To solve that issue, the following lines of codes are provided:
!is.na(vec.f[i])#For female precondition for male cells
#First fill all values where total and females are defined
& (((vec.mf + vec.mf.n)[i] - vec.f[i]) != vec.m.n[i])
In the case of the female column, sometimes the blocks of totals and male already filled the space of the block, which means there is no more space for female. The conditional verifies which is the status of the totals and males to select priority blocks where female are required. The following code solves that issue.
#Special condition: verify that male[i] keeps under total MF[i]
& ( (vec.mf+vec.mf.n)[i] != ((vec.m+vec.m.n)[i] + vec.f.n[i]))
#Special condition: Calculate difference of new totals
& (( (vec.mf+vec.mf.n)[i] - (vec.m+vec.m.n)[i]) != 0)
Finally, the declaration of the generic function that was built to clean
the data for all the columns of the categorical variables Age-ranges and sex
is declared as follows:
clean.pvar <- function( = hpcons$P_12YMAS,
vec.m = hpcons$P_12YMAS_M,
vec.f = hpcons$P_12YMAS_F,
t.tot.mf = hptotcons$P_12YMAS,
t.tot.m = hptotcons$P_12YMAS_M,
t.tot.f = hptotcons$P_12YMAS_F,
nam.mf.n = "P_12YMAS.f",
nam.m.n ="P_12YMAS_M.f",
nam.f.n ="P_12YMAS_F.f")
As mentioned in section 2.1, each categorical variable has an specific generic function.
In the process of data transformation, it was possible to verify that negative values are not present from the differences of categorical values. It was also verified that the sum of all the values matches the totals of columns, and rows.
Here is a summary before data cleaning for the variable P_18A24_F
:
## Min. 1st Qu. Median Mean 3rd Qu. Max. NA's
## 0.000 3.000 4.000 4.405 6.000 16.000 21
Summary after cleaning P_18A24_F
(eliminated NA
values):
## Min. 1st Qu. Median Mean 3rd Qu. Max.
## 0.000 0.000 3.000 3.286 5.500 16.000
Here is a summary before data cleaning for the variable P_18A24_M
:
## Min. 1st Qu. Median Mean 3rd Qu. Max. NA's
## 0.000 0.000 4.000 4.071 6.000 14.000 21
Summary after cleaning P_18A24_M
(eliminated NA
values):
## Min. 1st Qu. Median Mean 3rd Qu. Max.
## 0.000 0.000 3.000 3.159 5.000 14.000
This section refers to the results figures presented at the IGISc International Conference on Geospatial Information Sciences at CentroGeo, Mexico.

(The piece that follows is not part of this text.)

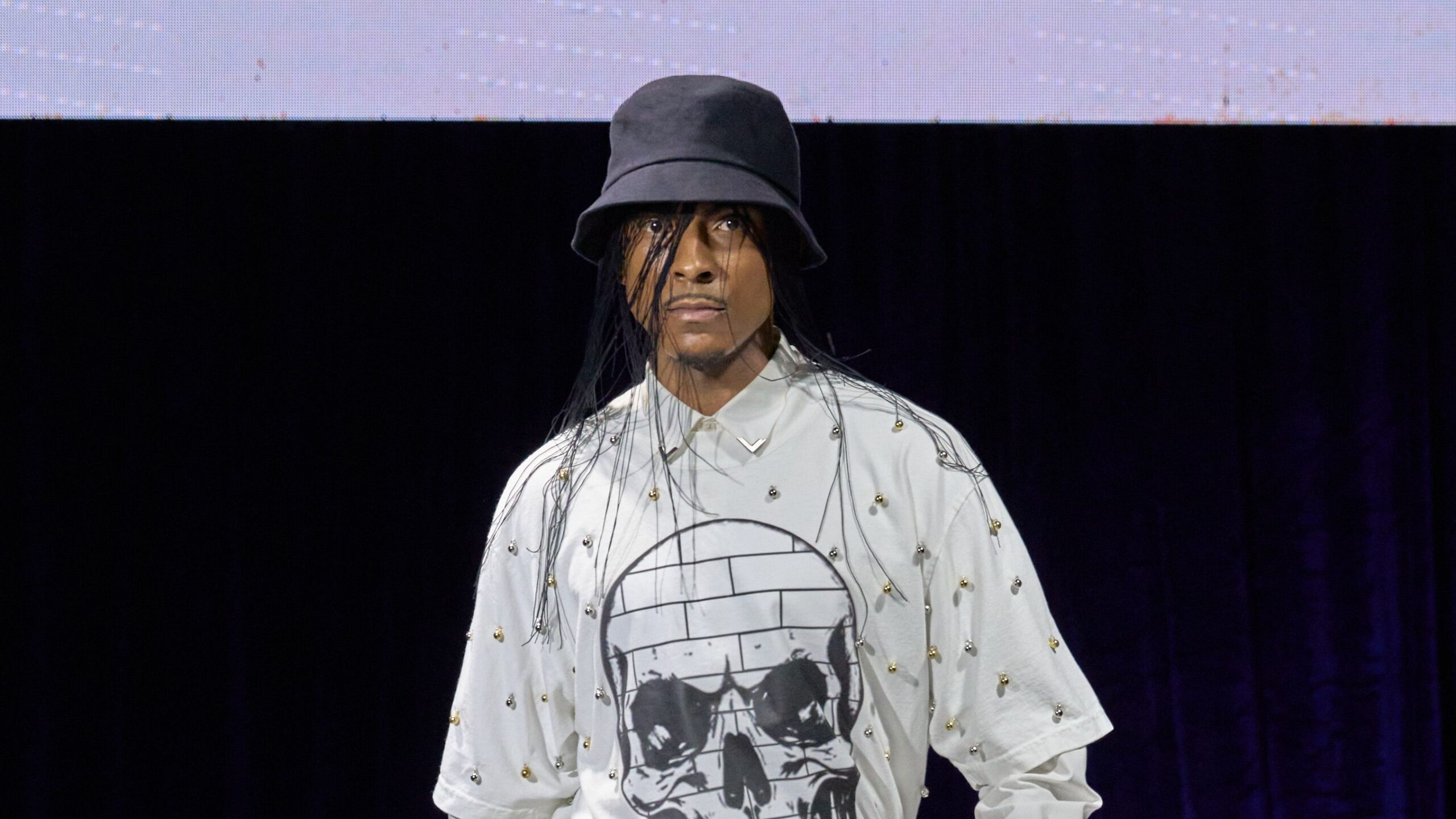 It was two days earlier than Romeo Hunte’s spring 2026 runways present, and the designer was strolling by means of the gathering in a midtown Manhattan lodge. The racks of denims, varsity jackets, and trench coats provided a glimpse at what was to return, however Hunte himself was the strongest embodiment of the season’s vary and perspective. “These are our Rocky shorts—I like them and I put on them on a regular basis,” he mentioned, pulling the identical pair of outsized sweat shorts off the rack that he had on. He’d paired them with a pinstripe button down bedecked with steel V-shaped collar suggestions, which was layered over a Romeo Hunte graphic tee. “This assortment goes to be styled very punk, however nonetheless very preppy and tailor-made,” he mentioned, citing the period when blink-182 dominated the airways as inspiration. “The music was dope, however to me, I used to be interested by who in these occasions was very distinctive for his or her appears to be like and their perspective and their affect.”

Section 2.1 introduce the target of the algorithm which is the base to
apply an evaluation. The evaluation applies for the age-ranges and gender
, school
, and work
related variables. The variables are
compared with their respective total values at the spatial units of
locality and block. The results evaluation demonstrate that the
algorithm target is fulfilled considering the following two criteria:
1. Comparing values between the observed census data of the totals by locality per variable with estimated values.
Observed totals by locality | Estimated totals by locality |
---|---|
Known value of a targeted variable | Defined with the sum of estimated values of many blocks that compound the target variables (sum by columns) |
The bellow graph shows a comparison of observed and estimated totals by locality of the variables of interest.

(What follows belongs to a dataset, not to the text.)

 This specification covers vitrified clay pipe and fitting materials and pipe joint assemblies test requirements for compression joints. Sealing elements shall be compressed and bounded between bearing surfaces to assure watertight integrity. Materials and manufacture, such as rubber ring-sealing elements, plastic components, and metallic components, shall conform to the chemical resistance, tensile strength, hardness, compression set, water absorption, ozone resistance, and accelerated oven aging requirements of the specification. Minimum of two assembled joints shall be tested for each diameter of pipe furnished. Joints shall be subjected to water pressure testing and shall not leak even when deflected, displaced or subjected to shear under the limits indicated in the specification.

2. Comparing values between the observed census data of the totals by block per variable with estimated values.
Observed totals by blocks | Estimated totals by blocks |
---|---|
Known value of a targeted variable | Defined with the sum of estimated values of many blocks that compound the target variables (sum by rows) |
The bellow graph shows a comparison of observed and estimated totals by block of the variables of interest.
The bellow table is a sample of filled NA values.
P_0A2.f | P_0A2_M.f | P_0A2_F.f | P_3A5.f | P_3A5_M.f | P_3A5_F.f | P_6A11.f | P_6A11_M.f | P_6A11_F.f |
---|---|---|---|---|---|---|---|---|
0 | 0 | 0 | 2 | 0 | 2 | 2 | 2 | 0 |
4 | 2 | 2 | 4 | 3 | 1 | 6 | 4 | 2 |
3 | 1 | 2 | 4 | 3 | 1 | 6 | 3 | 3 |
0 | 0 | 0 | 0 | 0 | 0 | 0 | 0 | 0 |
2 | 2 | 0 | 2 | 0 | 2 | 0 | 0 | 0 |
2 | 0 | 2 | 0 | 0 | 0 | 8 | 5 | 3 |
2 | 2 | 0 | 2 | 0 | 2 | 2 | 2 | 0 |
7 | 3 | 4 | 3 | 3 | 0 | 12 | 4 | 8 |
2 | 2 | 0 | 2 | 0 | 2 | 7 | 4 | 3 |
2 | 2 | 0 | 7 | 4 | 3 | 8 | 5 | 3 |
-
Results demonstrate that the algorithm can estimate inaccessible census data at small spatial units with low population density.
-
The proposed algorithmic method enables the implementation of more complex applications.
-
As future research, it will be simulated a complex problem of pollution.